> Task brief: Would you please repeat exactly the entries below, starting at the line with "My heartmate and" and ending at the line with "치킨 하나, 크림 파이 하나, 버거 하나 시켰는데", and nothing outside that range? Leave out the pictures.

++++++++++

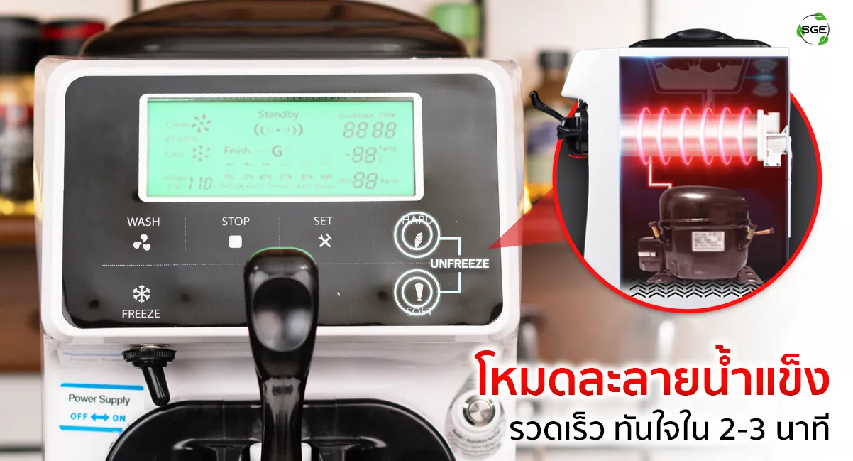 หมดปัญหากดไอศกรีมออกมาไม่ได้ เพราะกระบอกสูบเกิดการแช่แข็ง เพียงแค่กดปุ่ม Hard และปุ่ม Soft พร้อมกัน เครื่องจะเข้าสู่โหมดละลายน้ำแข็งอย่างรวดเร็ว ใช้เวลา 2-3 นาที เครื่องจึงจะพร้อมเข้าสู่กระบวนการขึ้นรูปไอศกรีมใหม่อีกครั้ง
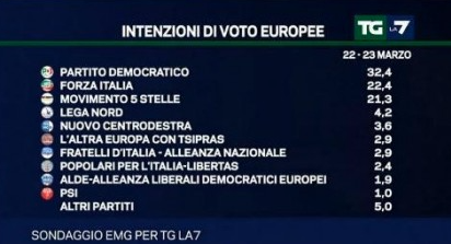 Secondo un nuovo sondaggio svolto da Emg per Tg La7 i partiti che si aggiudicheranno il maggior numero di seggi sono il Pd, Forza Italia e il Movimento 5 Stelle. Incerto l’ingresso della Lega nord nel parlamento europeo a causa della soglia di sbarramento. Fuori tutti gli altri.
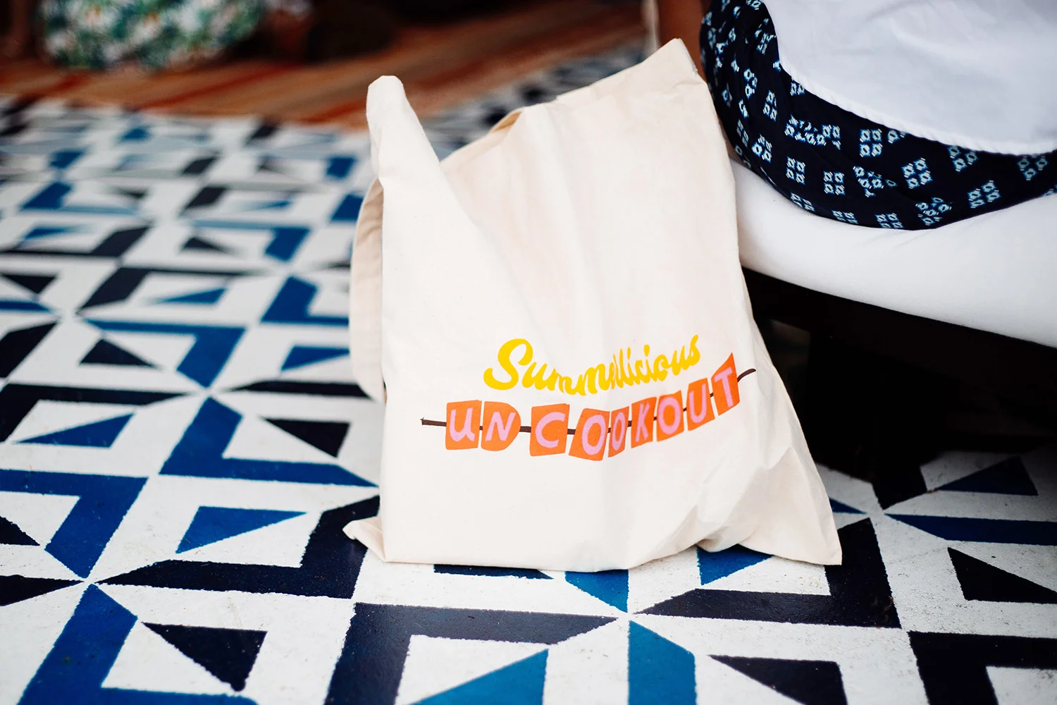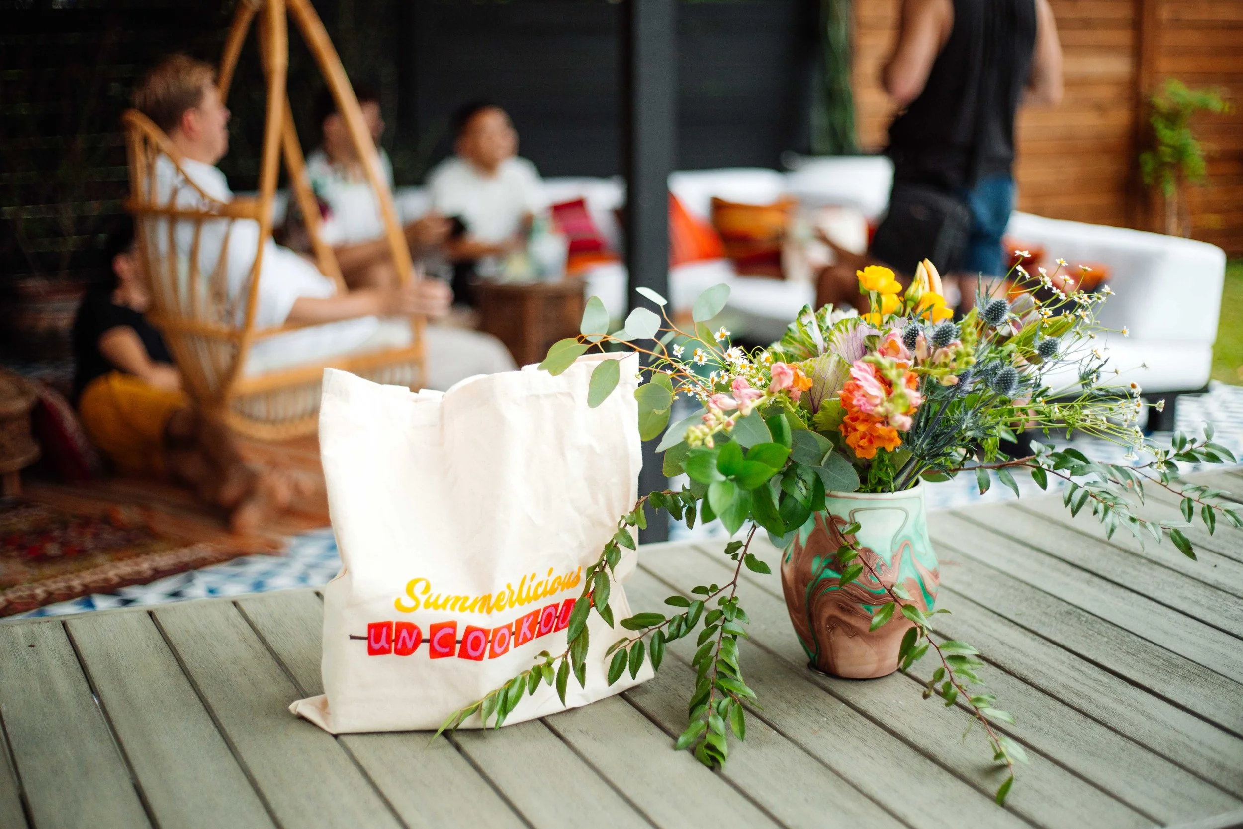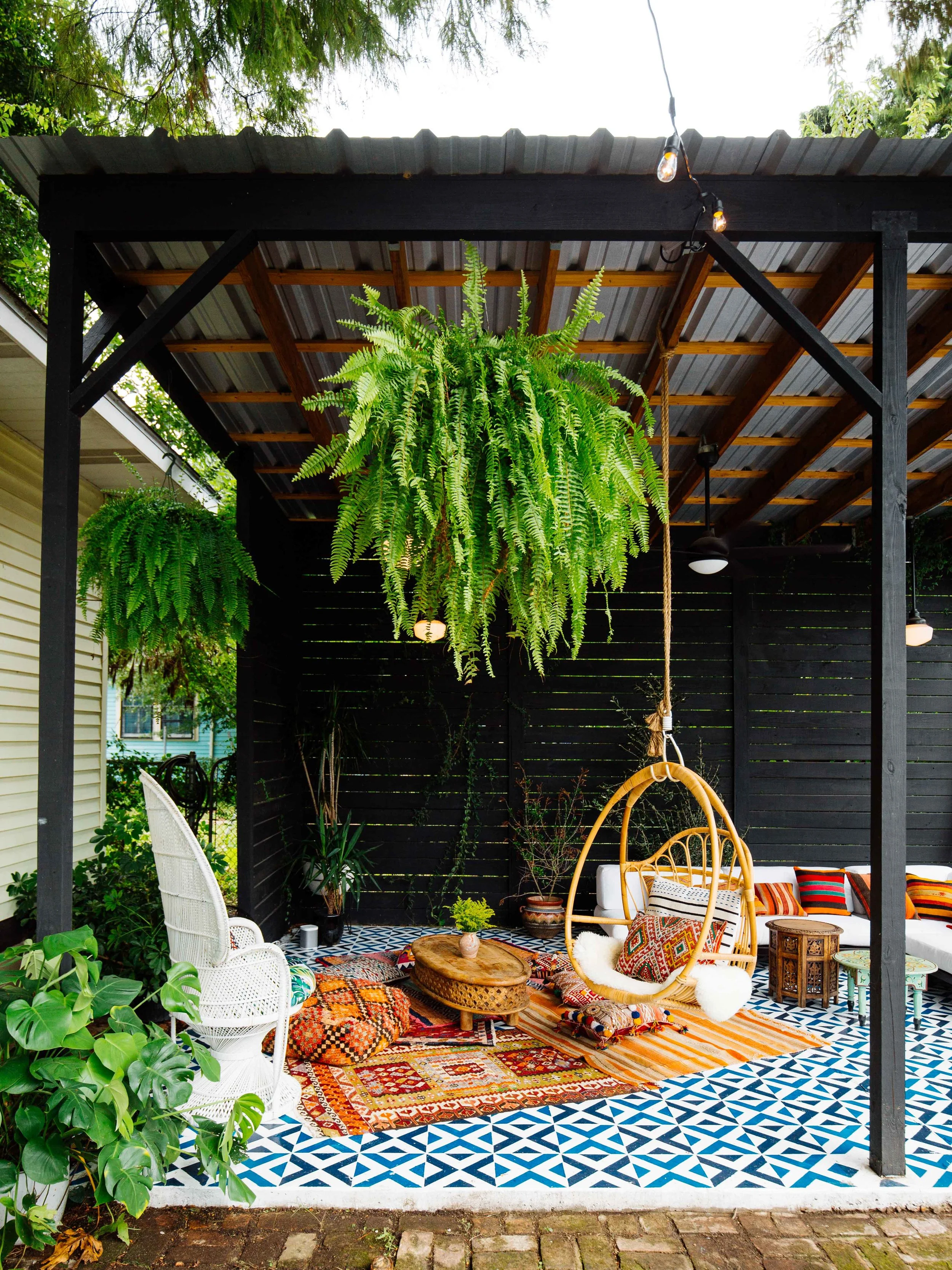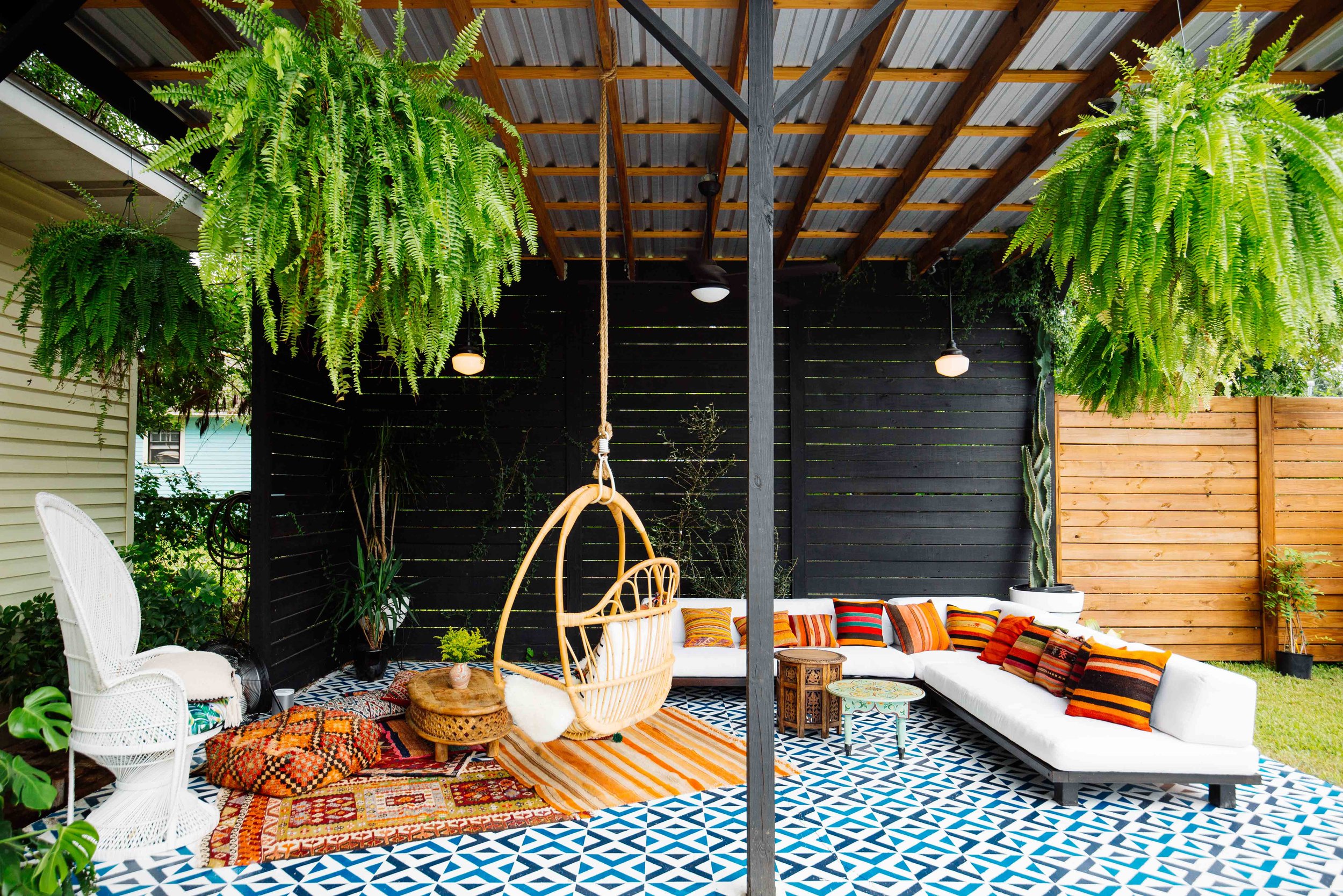 My heartmate and I invited about ten of our homies over for the festivities. I couldn’t settle on just one style of food so I ended up ordering from five different restaurants (also I didn't want to bog one down with a huge order). Our spread included fried chicken, grilled shrimp skewers, veggie wraps, salads, Cuban sandwiches, cupcakes and macarons for dessert. The fact that Grubhub took care of the food meant I could focus on the other duties of hosting an intimate bohemian backyard party, like decorating. I think the best kind of decor for any summer outdoor party is to layer bright, citrus-colored textiles, like Peruvian rugs and Moroccan pillows to imbue a sense of cozy cheerfulness. And definitely use plants to create an oasis.
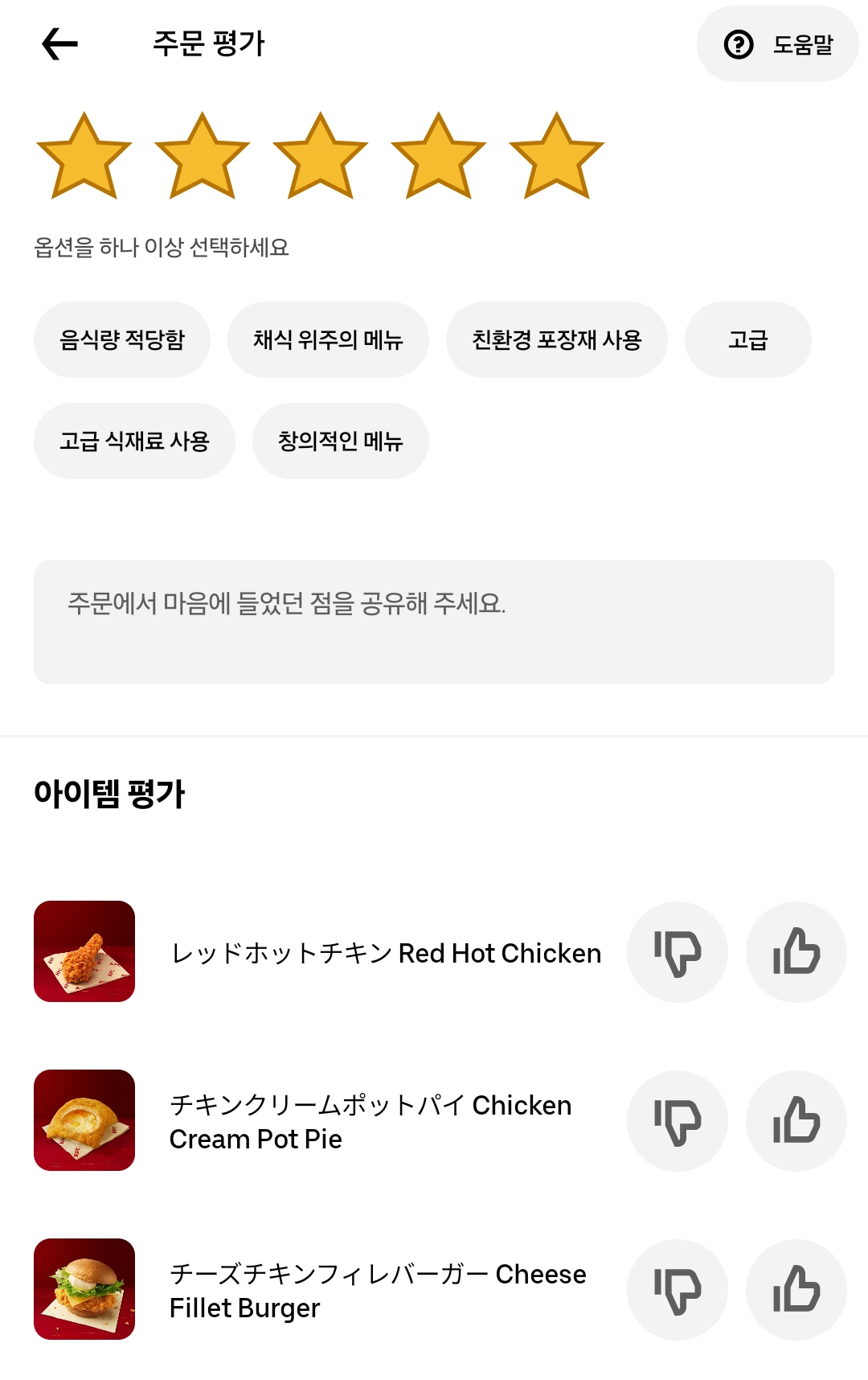 치킨 하나, 크림 파이 하나, 버거 하나 시켰는데
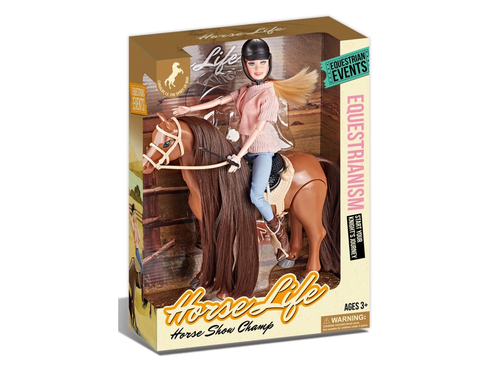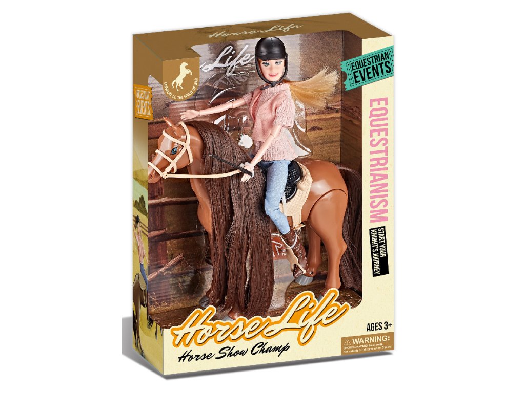 Jezdecký hnědý kůň na baterie se zvuky + jezdkyně
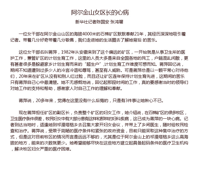 阿尔金山女区长的心病

++++++++++

> Task solution:
 My heartmate and I invited about ten of our homies over for the festivities. I couldn’t settle on just one style of food so I ended up ordering from five different restaurants (also I didn't want to bog one down with a huge order). Our spread included fried chicken, grilled shrimp skewers, veggie wraps, salads, Cuban sandwiches, cupcakes and macarons for dessert. The fact that Grubhub took care of the food meant I could focus on the other duties of hosting an intimate bohemian backyard party, like decorating. I think the best kind of decor for any summer outdoor party is to layer bright, citrus-colored textiles, like Peruvian rugs and Moroccan pillows to imbue a sense of cozy cheerfulness. And definitely use plants to create an oasis.
 치킨 하나, 크림 파이 하나, 버거 하나 시켰는데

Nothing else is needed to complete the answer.